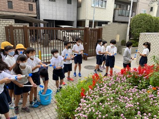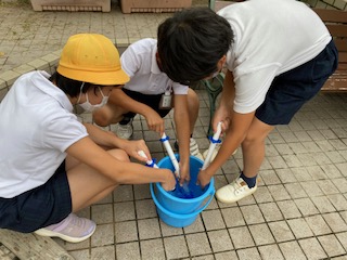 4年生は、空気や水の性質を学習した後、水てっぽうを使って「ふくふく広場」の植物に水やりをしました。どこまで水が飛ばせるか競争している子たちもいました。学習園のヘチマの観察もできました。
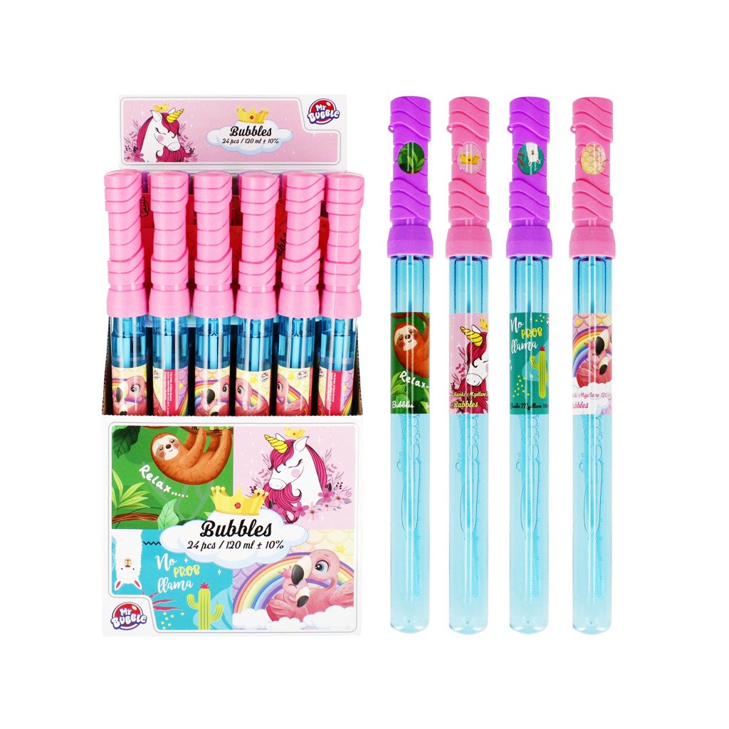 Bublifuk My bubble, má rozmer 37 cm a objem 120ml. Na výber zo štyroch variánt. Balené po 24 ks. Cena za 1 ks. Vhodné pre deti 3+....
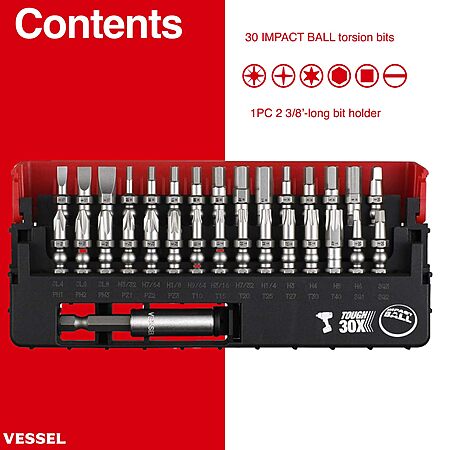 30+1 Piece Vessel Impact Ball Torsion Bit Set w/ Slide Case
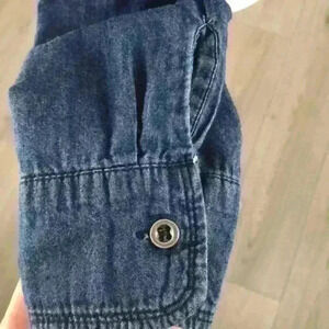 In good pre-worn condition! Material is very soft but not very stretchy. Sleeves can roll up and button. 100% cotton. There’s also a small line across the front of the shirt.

• WHAT TO PRODUCE
Write out the whole listing exactly. Pictures stay out.

• EXERCISE ANSWER
 4年生は、空気や水の性質を学習した後、水てっぽうを使って「ふくふく広場」の植物に水やりをしました。どこまで水が飛ばせるか競争している子たちもいました。学習園のヘチマの観察もできました。
 Bublifuk My bubble, má rozmer 37 cm a objem 120ml. Na výber zo štyroch variánt. Balené po 24 ks. Cena za 1 ks. Vhodné pre deti 3+....
 30+1 Piece Vessel Impact Ball Torsion Bit Set w/ Slide Case
 In good pre-worn condition! Material is very soft but not very stretchy. Sleeves can roll up and button. 100% cotton. There’s also a small line across the front of the shirt.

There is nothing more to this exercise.